By Janes Bence Dominik | 2026-04-20

What Is AI Hallucination? When Not to Believe a Word It Says

If you've used ChatGPT or any other AI chatbot, you've probably run into this: the AI states something confidently that turns out to be completely wrong. This is called AI hallucination and knowing when it happens makes you a far more effective user.

If you've spent any time with ChatGPT, Claude, or Gemini, you've probably seen it happen. You ask something, the AI gives a detailed, confident-sounding answer and then you look it up and realize it simply isn't true. The cited article doesn't exist. The statistic was invented. The person named never did what the AI described.

This is called AI hallucination, and it's one of the most important things to understand if you're going to use these tools effectively.

What exactly is AI hallucination?

AI hallucination means that a language model generates information that is false or nonexistent, while presenting it with apparent confidence and coherence.

The term is a bit misleading: the AI isn't seeing things or daydreaming. "Hallucination" here refers to the fact that the model produces content that looks and sounds real, but isn't.

Why does it happen?

Large language models like ChatGPT, Claude, and Gemini learn from enormous amounts of text. They learn how words, sentences, and ideas follow each other.
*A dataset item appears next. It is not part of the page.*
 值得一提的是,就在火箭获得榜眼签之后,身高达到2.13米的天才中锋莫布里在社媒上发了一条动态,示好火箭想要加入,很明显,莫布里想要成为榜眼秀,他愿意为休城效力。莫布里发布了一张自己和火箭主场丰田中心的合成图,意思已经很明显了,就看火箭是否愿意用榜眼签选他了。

But they don't have genuine knowledge of the world, and they don't verify information against real sources.

When they don't know something for certain, they don't say "I don't know." Instead, they generate something that fits the expected shape of an answer. That's the core problem.

Three common patterns:

1. Fabricated references. You ask for sources on a topic, and the AI produces a perfectly formatted citation: author, year, journal title. You search for it. It doesn't exist.

2. Wrong facts. "Who won the gold medal in X event at the 1984 Olympics?" You might get a name. Just not the right one.
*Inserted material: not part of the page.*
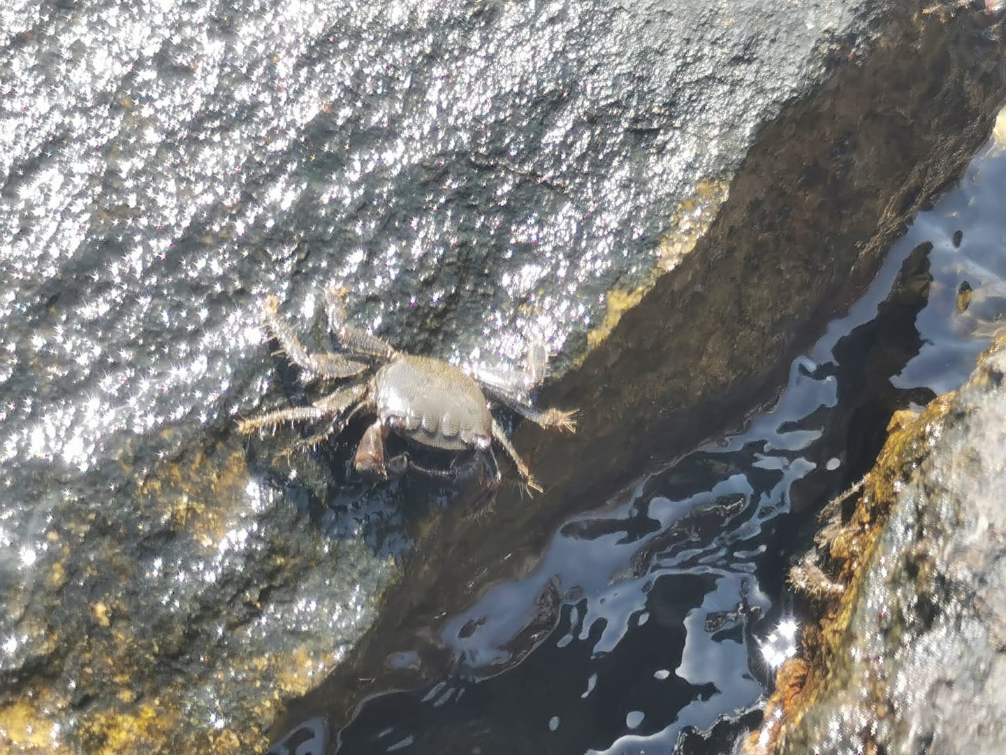 Viele Krabben zwischen den Steinen am Steg

3. Invented people or organizations. When the AI is uncertain, it sometimes invents names, companies, or laws that sound plausible but have no basis in reality.

When is hallucination most likely?

The risk is higher when you ask for:

  • Specific, verifiable data (numbers, dates, names)

  • Information about lesser-known people or organizations

  • Recent events near the edges of the model's training data

  • Academic or professional citations and sources

The risk is lower when you ask for:

  • Explanations of general concepts

  • Help with writing, brainstorming, or structuring ideas

  • Rephrasing or improving text you've already written

What can you do about it?

Verify before you share. If you're citing a specific fact, name, or date that came from an AI, look it up in a reliable source before passing it on. This matters especially when you're using the output professionally or publicly.

Ask the AI to flag its uncertainty. Prompting with "Are you certain about this? Do you have sources?" often leads better models to acknowledge when they're not sure. It doesn't always work, but it helps.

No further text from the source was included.